**TASK TO COMPLETE:**
Beginning with the line that includes "가을 2023 새로운" and ending with the last line, print the records exactly, leaving every picture out.

**AVAILABLE DATA:**
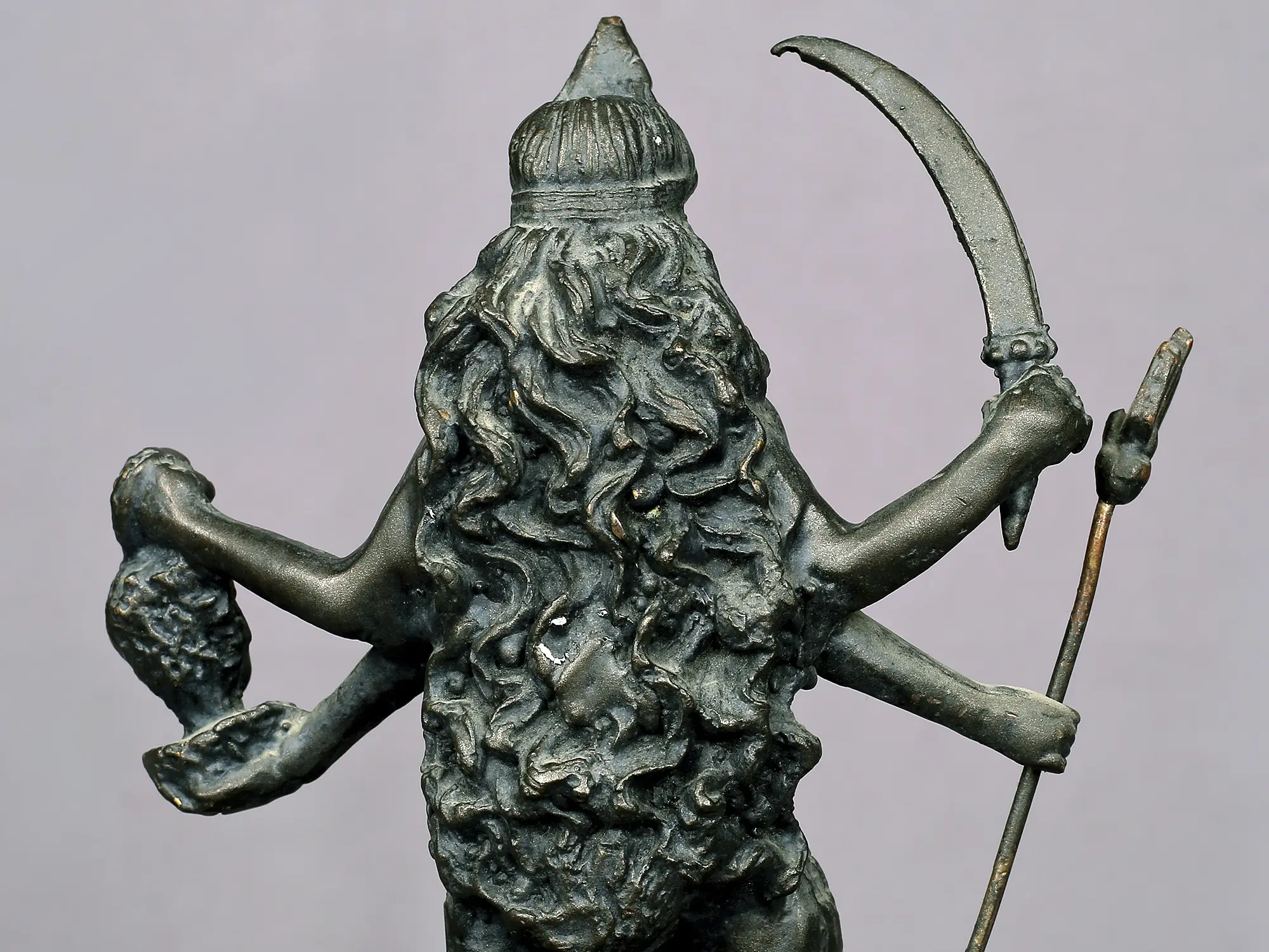 Goddess Kali possesses four hands, each laden with symbolic significance. Her upper left hand wields a scimitar, symbolizing power, while her lower left-hand clasps a severed head, representing the conquest of ego. In her upper right hand, she displays the Avaya Mudra, a gesture of fearlessness, and in her lower right hand, she holds a Trishul. These four hands together illustrate the cyclical nature of creation and destruction, encompassing the entirety of time and the continuous cycle of birth, death, and rebirth. Beneath her, Lord Shiva, often associated with the deity of death, lies prostrate, with closed eyes signifying the primordial state before life's emergence. Kali's dance upon Shiva's chest signifies her desire for him to witness and participate in the act of creation, ushering life into existence.
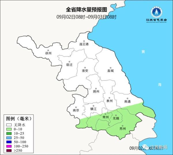 9月02日08時至9月03日08時:白天全省晴到多云,夜里蘇南地區陰有陣雨或雷雨,其他地區多云。最高溫度:全省29℃左右;最低溫度:淮北北部地區20℃左右,本省東南部地區23℃左右,其他地區21~22℃。全省東北風4-5級。
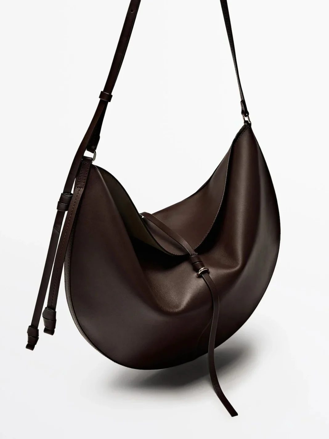 El bolso media luna de piel napa de Massimo Dutti es una opción ideal para quienes buscan elegancia y practicidad en un solo accesorio. Confeccionado en piel bovina de alta calidad y con un acabado en napa que le aporta suavidad y un toque de sofisticación, este bolso presenta un diseño contemporáneo con cierre de solapa con imán oculto.
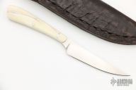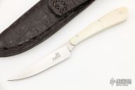 This knife by Arno Bernard features a hand rub satin finished blade, .115" blade stock and .570" blade depth, full tapered tang construction. The handle has warthog tusk scales. Comes with a black leather sheath. Excellent condition.
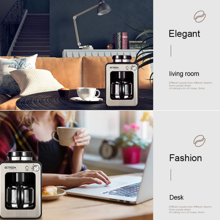 GOTECH Household Small Coffee Machine Automatic Grinding Integrated Commercial Freshly Ground Drip Coffee Pot, Style:UK Plug(Black)
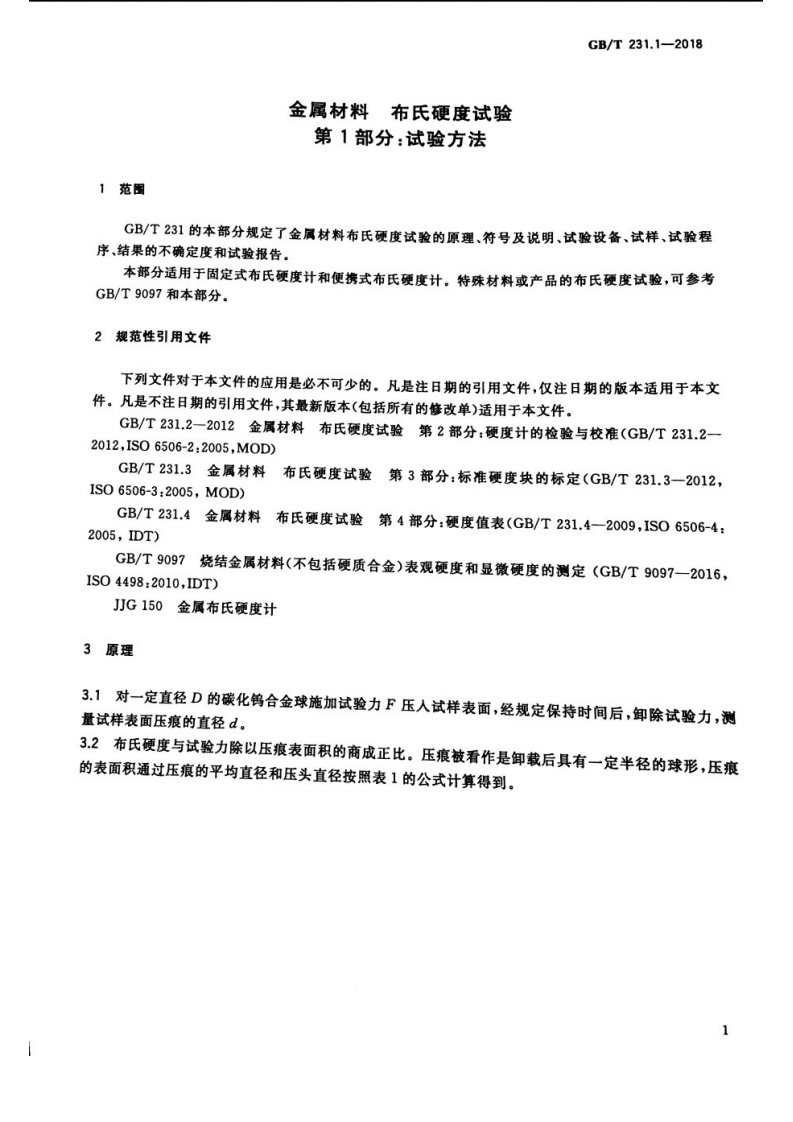 1CS77.040.10H2266-5GB中华人民共和国国家标准GB/T231.1-2018代帮GB/T231.1—2009金属材料布氏硬度试验第1部分:试验方法Metallic materials-Brinell hardness test-Part 1:Test method(IS06506-1:2014,M0D)2018-05-14发布2019-02-01实施国家市场监督管理总局中国国家标准化管理委员会发布
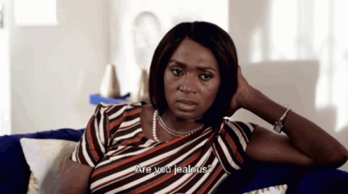 Celia on a blue couch, reacting to the question 'Are you jealous?' in a scene from Skeem Saam.
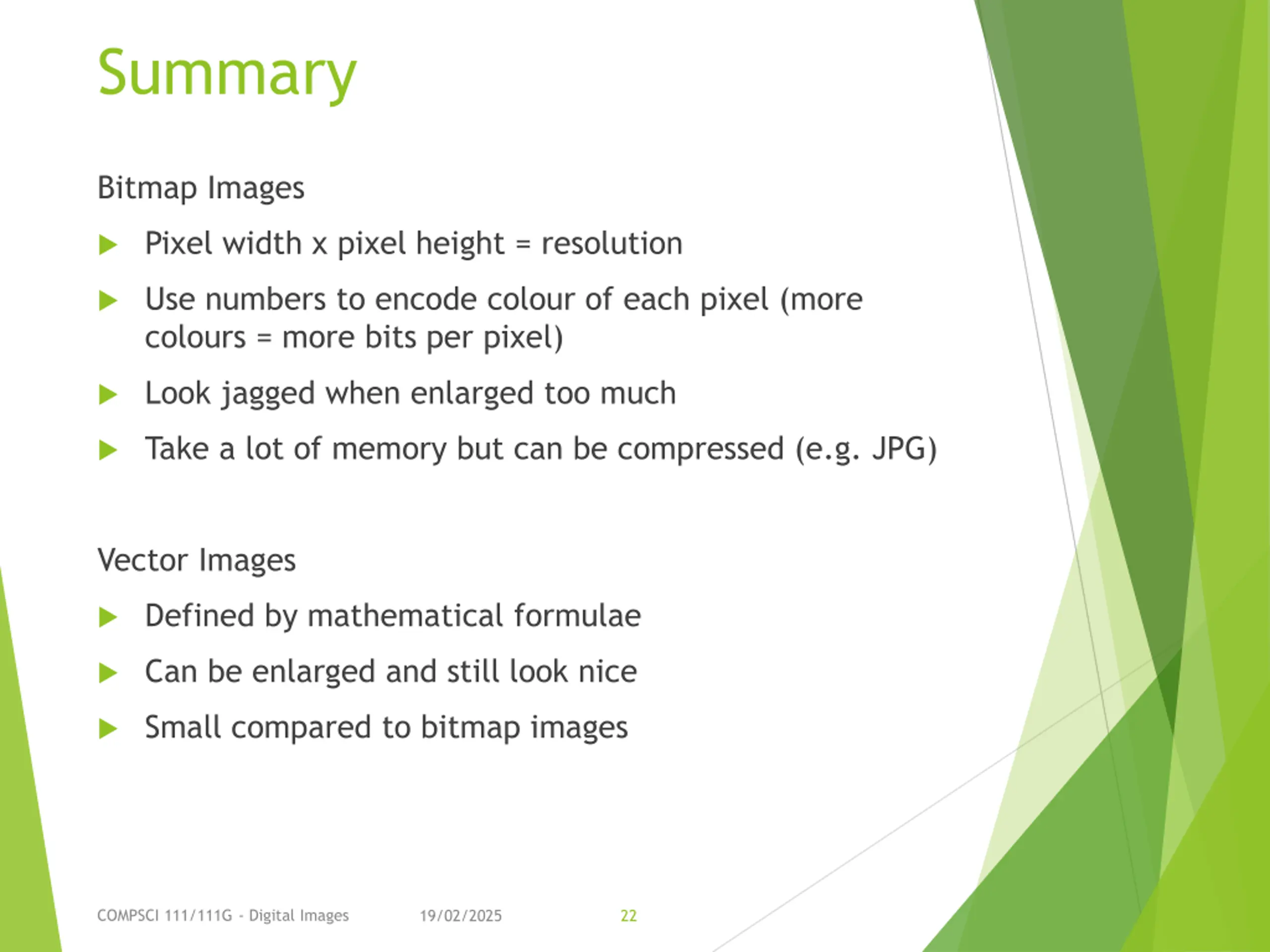 Summary Bitmap Images Pixel width x pixel height = resolution Use numbers to encode colour of each pixel (more colours = more bits per pixel) Look jagged when enlarged too much Take a lot of memory but can be compressed (e.g. JPG) Vector Images Defined by mathematical formulae Can be enlarged and still look nice Small compared to bitmap images COMPSCI 111/111G - Digital Images 19/02/2025 22
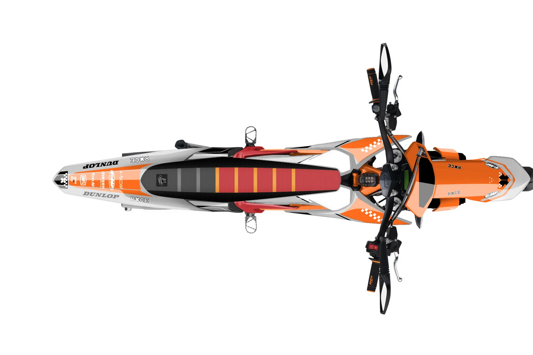 «Canon» — готовый комплект графики серии Staple для KTM MX Graphic Kit KTM E-SX Freeride 2012. В комплекте: графика на бак и боковые облицовки, крылья (переднее и заднее), передний щиток, номерные таблички, защита вилки. Материал: ПВХ-винил 80 мкр с холодной ламинацией 300 мкр, общая толщина 380 мкр; покрытие глянцевое или матовое на выбор. Устойчив к UV-излучению, воде, бензину и мойке высокого давления. Клей акриловый на сольвентной основе — постоянный, для гибких пластиков. На простых поверхностях монтируется без нагрева; для сложных изгибов рекомендуем фен. Этот пресет можно заказать как есть или взять за основу в конструкторе: поменять цвета, добавить стартовый номер и свой бренд. Производство — 3–5 рабочих дней, доставка по России СДЭКом или Почтой, по СНГ — курьерскими службами.
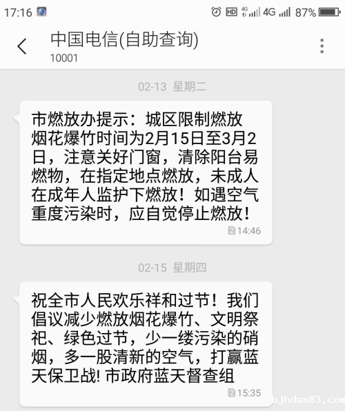 为减少春节期间燃放烟花爆竹对空气的污染,市环保局会同重庆市通信管理局,协调重庆市移动通信公司、重庆市联通公司、重庆市电信公司短信平台,于2月15日向主城区市民群发公益短信。
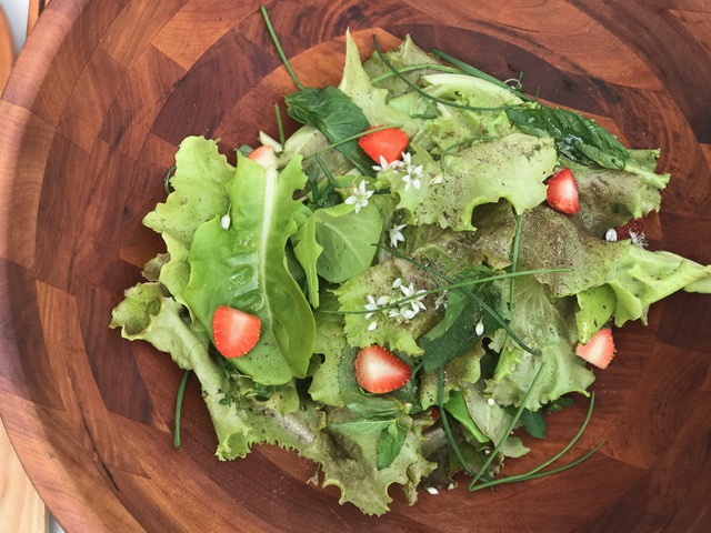A big vinegary green salad would pair nicely, and taste delicious with creamy bites of egg. We’ve harvested a glut of red sail and butter crunch from our garden, and I’ll toss it with my go-to super simple salad dressing. Garnish your salad with herbs (chives, mint, dill or chervil) to give it a fresh flavor. To add a pop of beautiful color, I’ll also set out a big bowl of fresh berries on the table.
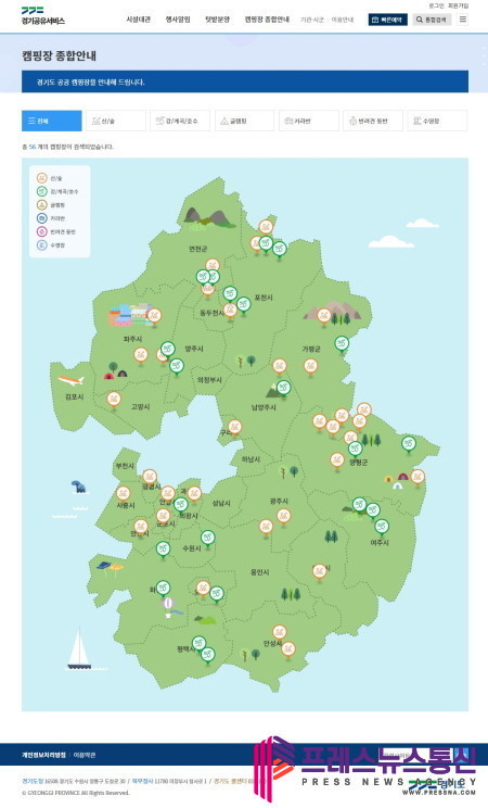 [프레스뉴스] 장현준 기자= 경기도에서 운영 중인 56개 공공캠핑장의 위치와 편의시설 정보를 한 번에 확인할 수 있는 서비스가 28일부터 시작된다.
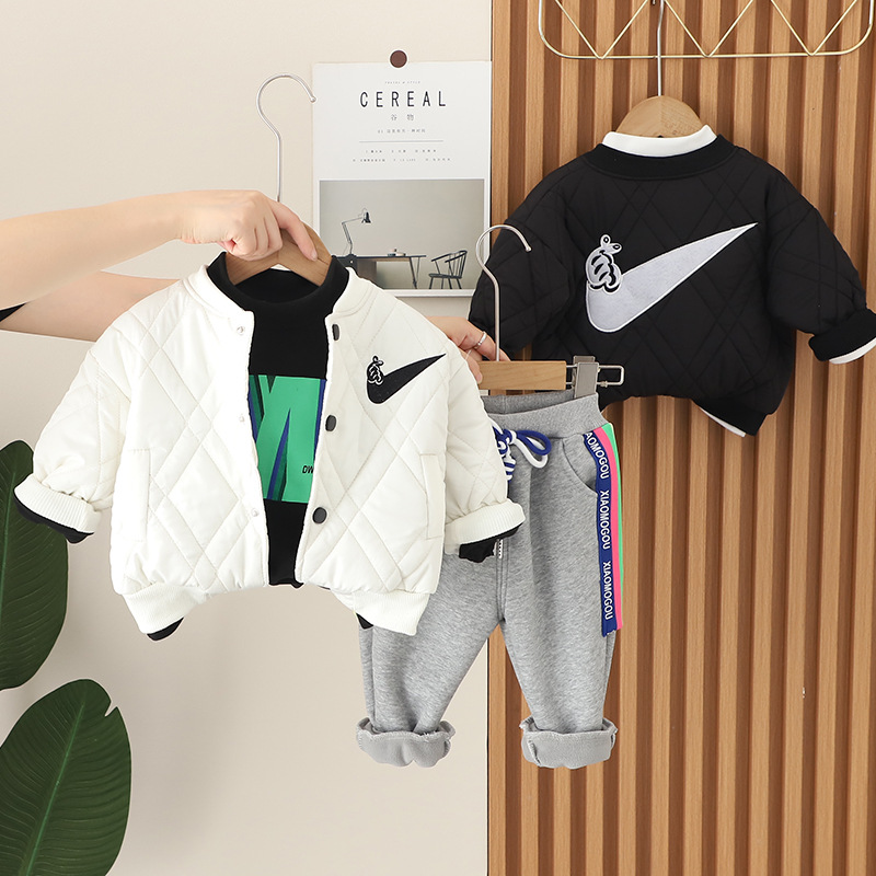 가을 2023 새로운 소년 기모 빵 재킷 긴 소매 3 종 세트 남성 아기 캐주얼 바지 세트 유행스토어 가기
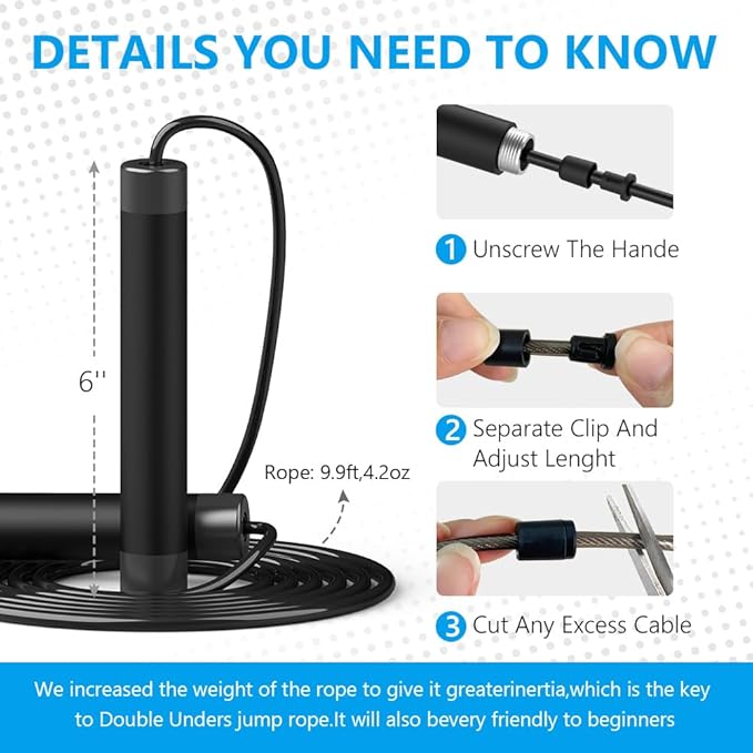 - 【WEIGHTDE ROPE JUMPS PERFECTLY】 We use a 5.0mm steel wire rope, which weighs an astonishing 4.2oz and is the foundation of high-quality jumping,Whether you're a boxer, a regular trainer for cardio, crossfit, or just jump for weight loss, this is the perfect beginner's weighted jump rope.

**EXERCISE RESULT:**
 가을 2023 새로운 소년 기모 빵 재킷 긴 소매 3 종 세트 남성 아기 캐주얼 바지 세트 유행스토어 가기
 - 【WEIGHTDE ROPE JUMPS PERFECTLY】 We use a 5.0mm steel wire rope, which weighs an astonishing 4.2oz and is the foundation of high-quality jumping,Whether you're a boxer, a regular trainer for cardio, crossfit, or just jump for weight loss, this is the perfect beginner's weighted jump rope.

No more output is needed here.